Legal and finance contractors see demand surge

Monday 24 June 2013

Contractors in the legal and financial sectors could be in a position to exploit growing demand for temporary expertise in the City, according to a new report.

Badenoch and Clark’s Talent Spotlight for May 2013 found that contract vacancies in accounting and finance and the legal sector rose sharply during the month, becoming top performers for self-employed professionals.

Vacancies open to contractors in accounting and financial services shot up by 14 per cent from the previous month, accounting for a sizeable chunk of the 33 per cent increase from the same period in 2013. Auditors fared particularly well, with a rise in vacancies of 27 per cent from April - nearly double last year’s figure. Reporting was the other major growth hotspot, shooting up by a quarter over the month and by 36 per cent over the course of the past twelve months.

Interestingly, contractor vacancies rose faster than permanent openings, which increased by an encouraging 9.1 per cent in the finance sector but remained three per cent below performance a year earlier.

Flexible workers with legal experience were the other sector to perform particularly strongly.
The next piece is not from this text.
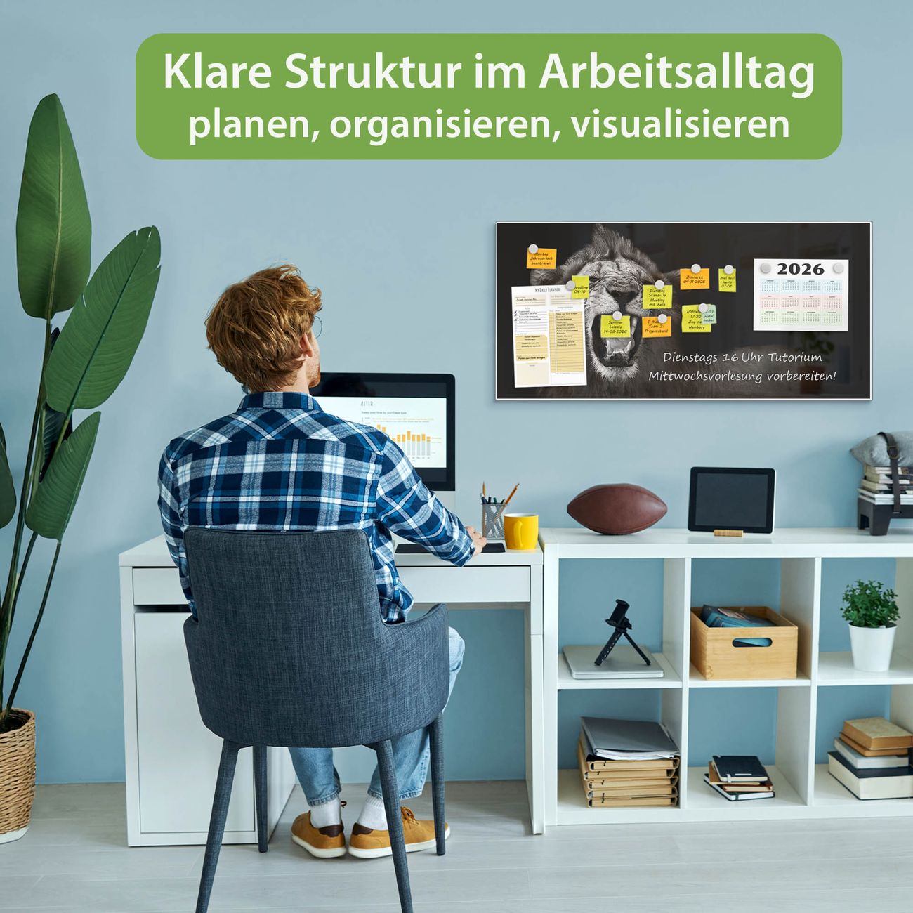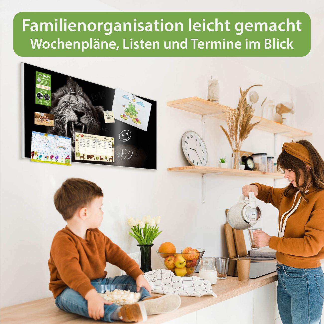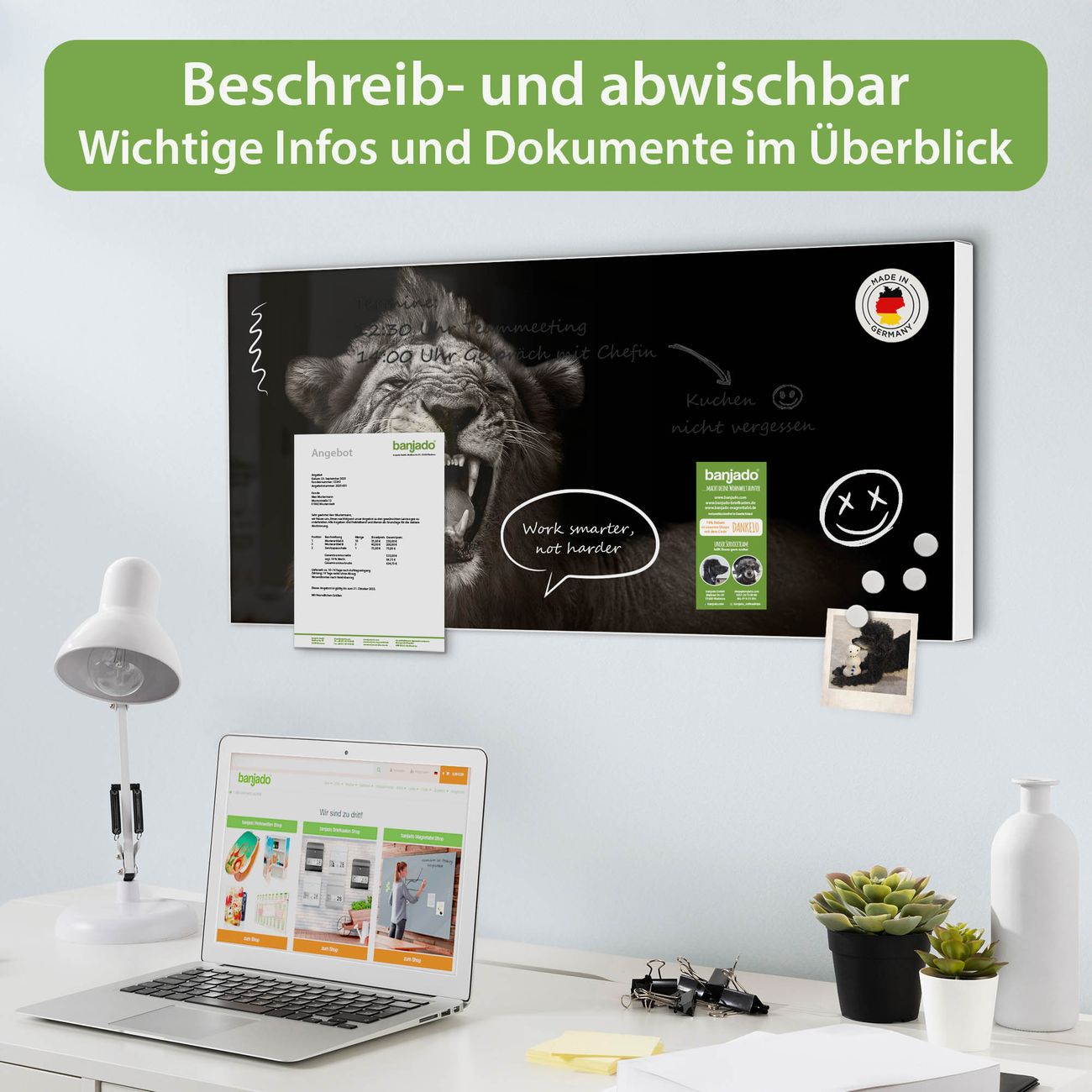 FUNKTION: Die banjado Magnettafel 78x37 cm im Design Motiv Rupert vereint Funktionalität und modernes Wohndesign auf stilvolle Weise. Diese hochwertige Magnetwand aus Metall hilft Ihnen dabei, Notizen, Fotos, Termine, Einkaufslisten oder Rezepte übersichtlich zu organisieren. Als praktisches Memoboard sorgt sie für Struktur im Alltag und setzt gleichzeitig einen dekorativen Akzent an Ihrer Wand. DESIGN: Die Metalltafel besteht aus robustem, lackiertem Stahl und ist mit allen handelsüblichen Magneten nutzbar. Besonders praktisch ist die beschreibbare Oberfläche. Sie können die Magnettafel ganz einfach mit Kreidestiften beschriften und die Inhalte bei Bedarf mit einem feuchten Tuch wieder entfernen. So eignet sich das Memoboard ideal für Wochenpläne, Menüpläne, To Do Listen oder kreative Botschaften. DETAILS: Mit ihrem großzügigen Querformat von 78x37 cm bietet die Magnettafel ausreichend Platz für Ihre Organisation. Das Motiv Motiv Rupert bringt eine warme, natürliche Optik in Küche, Flur, Büro oder Homeoffice und wirkt auch ohne Magnete oder Beschriftung wie ein modernes Wandbild. NUTZEN: Auf der Rückseite befinden sich vorgefertigte Löcher für eine schnelle und unkomplizierte Wandmontage. Jede banjado Magnettafel wird in Deutschland gefertigt und steht für Qualität, Langlebigkeit und liebevolle Verarbeitung. Dieses beschreibbare Memoboard ist die perfekte Kombination aus Metalltafel, Designobjekt und praktischer Magnetwand für Ihren Alltag. BANJADO: Wir sind ein kleines Team aus dem Herzen von Sachsen. Wir fertigen alle Artikel von Hand für Sie an, Sie erhalten keine preiswerte Importware. Auf Wunsch können Sie auch Ihr eigenes Foto auf die Magnettafel aufbringen, schreiben Sie uns an. Herzlichst, Ihr banjado-Team

Legal contract vacancies shot up by just under 12 per cent compared to April’s figure, contributing to a very healthy increase of more than 53 per cent compared to May last year. The areas showing the most dramatic improvement included litigation, where non-permanent vacancies rocketed by 98 per cent over the month and as much as 229 per cent compared to just one year earlier. Although not on the same scale, family law specialists also saw a spike in demand of 25 per cent month-on-month, contributing to a 52 per cent annual rise.

But law is another area in which demand for short-term expertise outstripped the need for permanent employees. Demand for permanent staff rose by 10.6 per cent, but remained more than nine per cent below the figures achieved 12 months ago.

Widespread regulatory change within the financial services sector is thought to be affecting hiring patterns. Indeed, a survey published earlier this month by recruiters Robert Half UK found that three out of ten chief financial officers (CFOs) said they had increased their use of temporary and interim workers compared to three years ago.

Businesses appear to be relying more heavily on contract workers for some of their most business-critical processes. Three years ago, temporary staff made up less than a fifth of the total headcount in financial departments around the UK, but more than a year after new regulations were introduced the figure stands at 26 per cent. In small businesses, the figure reached 30 per cent, perhaps because smaller firms are more likely to experience fluctuations in demand, which make permanent hires less feasible.

Around 16 per cent of CFOs expect audit, compliance and corporate governance to be one of the areas with heaviest demand for contract staff. A slightly higher proportion expect risk management and financial IT systems to be areas of growth for flexible workers, but top of the list is general operational accountancy.

Phil Sheridan, managing director of Robert Half UK, says that “by continuing to capitalise on the readily available and highly trained temporary and interim market, businesses can adjust more easily and quickly to workload variations, and bring in specialists with the required experiences to run particular programmes".